Paul Krugman, Laureate of the Sveriges Riksban...Image via Wikipedia

The government stepped in to bail out the banks. The government stepped in with a stimulus bill. But the government did not step in to create about five million jobs. That third part is the missing part of the zigsaw puzzle. The Great Recession has not been fed the Tennessee Valley Authorities of these times. It has been for the government to dream up the jobs of tomorrow and bring them home. And I am not talking cutting edge stuff that perhaps is best left to the visionaries and the qualified in the private sector, although even there, it can be argued, bold would be beautiful. Perhaps this is just the time for a Manhattan Project for the environment, or to take a man/human to the environmental moon.

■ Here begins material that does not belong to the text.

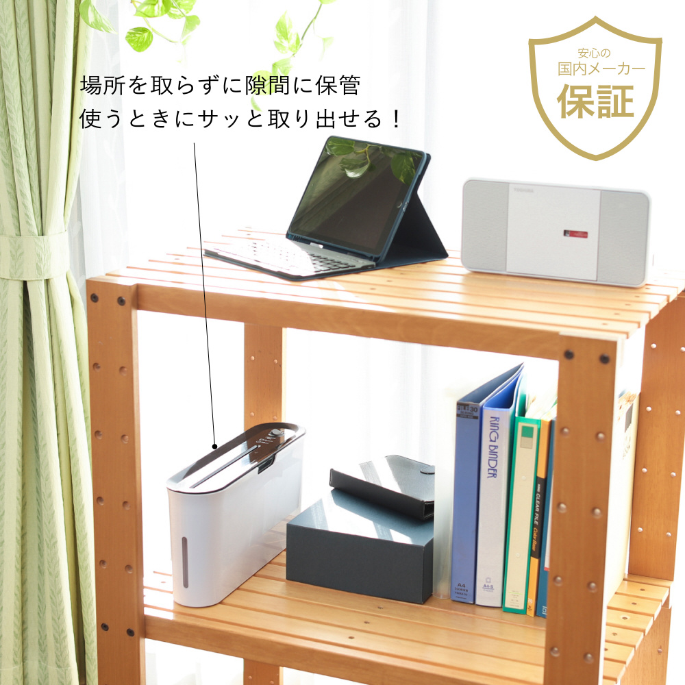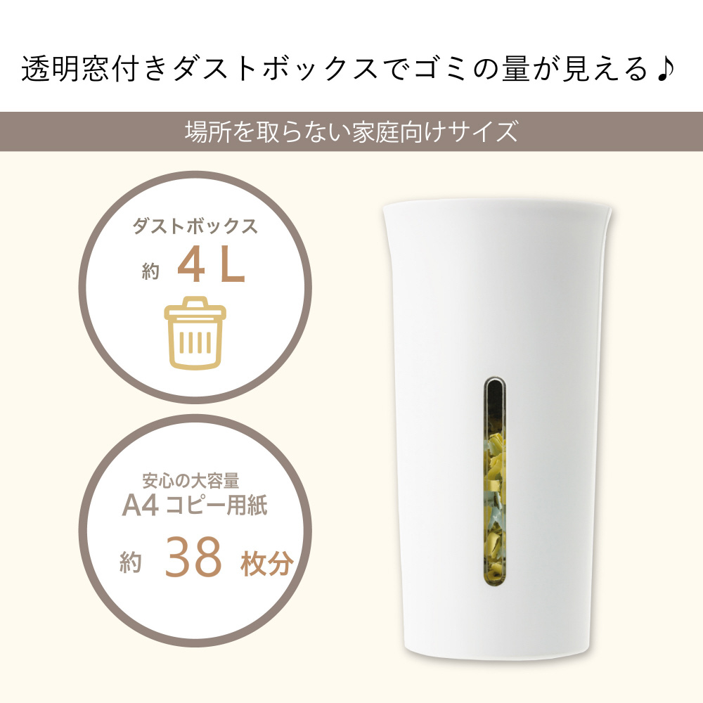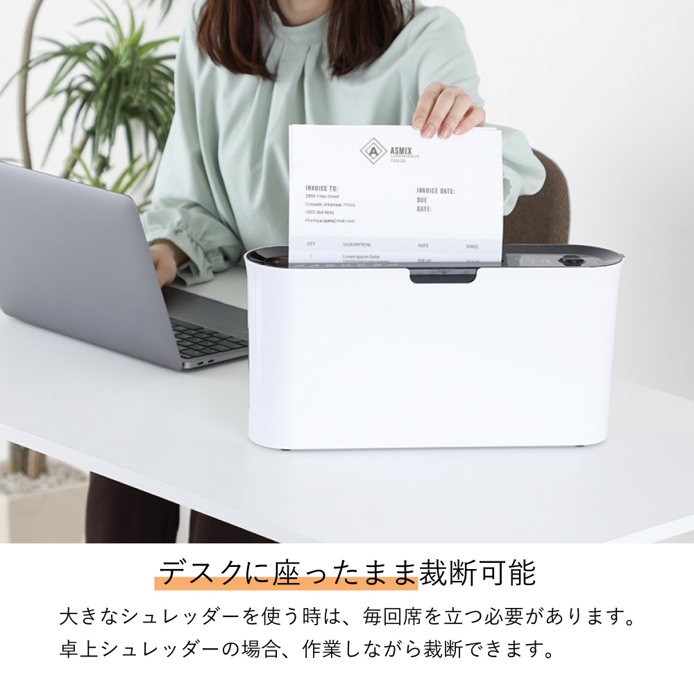 | 商品名 | セキュリティー性抜群!細断サイズ2×10mm マイクロカット ご自宅でパッと出してサッとしまえるコンパクトシュレッダー Asmix BKSB09W [マイクロカット /A4サイズ] |

The first stimulus bill was a little misguided. It was too small, the tax cuts were unnecessary. Too much of it went to just paying people unemployment and salaries until the economy went back to normal. That normal has not happened. Because this is not 2001 or 1992 or 1980. This is more like the FDR times. It is a great crisis that can be steered to create a better future than ever before existed. This is a time for big, bold action still.

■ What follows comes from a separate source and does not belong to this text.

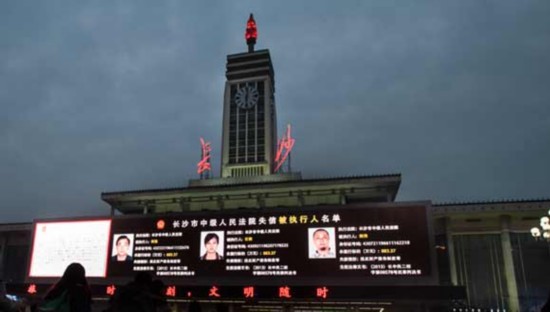 長沙中院執行三庭副庭長王力夫介紹,由于長沙火車站是長沙市最重要的窗口單位,也是省內規模最大人口集散地,因此選擇將火車站前坪大屏幕作為公布失信被執行人名單的平臺。這次共公布了中院及芙蓉區法院的54名“老賴”,“他們存在違反財產報告制度、拒不履行生效法律文書、或隱匿行蹤拒不接受法院傳喚而規避執行等情形。”

Band aid solutions will not work. And caving into GOP fervor to go back in time will fare even worse. The electorate has to be saved from itself. The electorate has to be relentlessly educated to do the right thing in November.

What are the options?

Some say a second stimulus is a fiscal non event. It is not happening. I am not so sure.

The Fed has not exercised all the monetary options available. Paul Krugman seems to suggest that. And I agree. Letting inflation go up a little so it becomes expensive for the private sector to sit on the near two trillion dollars it is sitting on would be a great idea.

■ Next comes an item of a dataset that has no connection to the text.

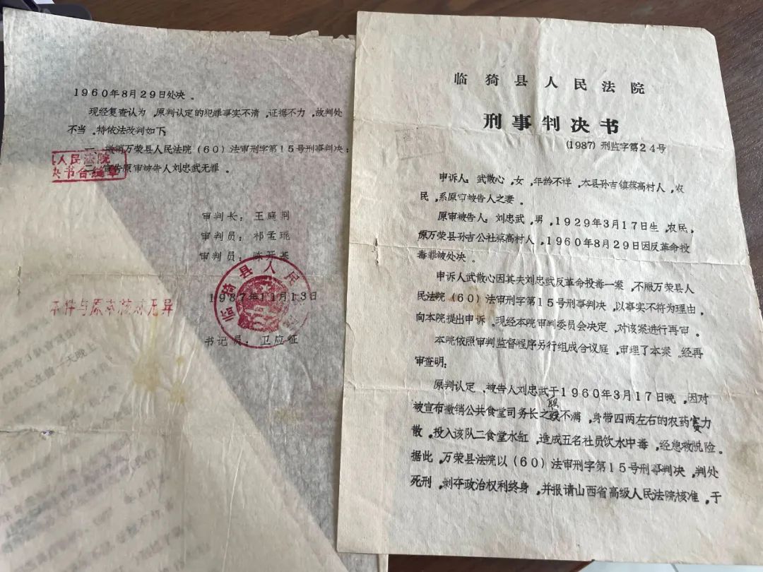 刘青水能做的就是不断写信,1987年,运城市中级人民法院给临猗县人民法院出具批复文件,对被告撤销原判、宣告无罪,撤销山西省高院1960年度的执行令。父亲去世27年后,一家人最终收到了无罪判决书。

The president has to engage in vision talk. He has to start talking like he is the nation's CEO, which he is. You engage the leaders of all segments of the private sector in brainstorming sessions. You let them help you think in terms of the jobs, companies and industries of tomorrow. And you give a series of speeches. You are not proposing to spend. It is not about money. It is about making speeches to prop up private sector confidence. It is about pumping vision. Where there is no vision, the people shall perish. This is as important as fiscal and monetary moves, and the most in command of the top guy. And it does not cost money.

These are not normal times. The wheels of capitalism are not churning like they are supposed to. Capitalism is fish outside water right now. Political leadership matters more, not less.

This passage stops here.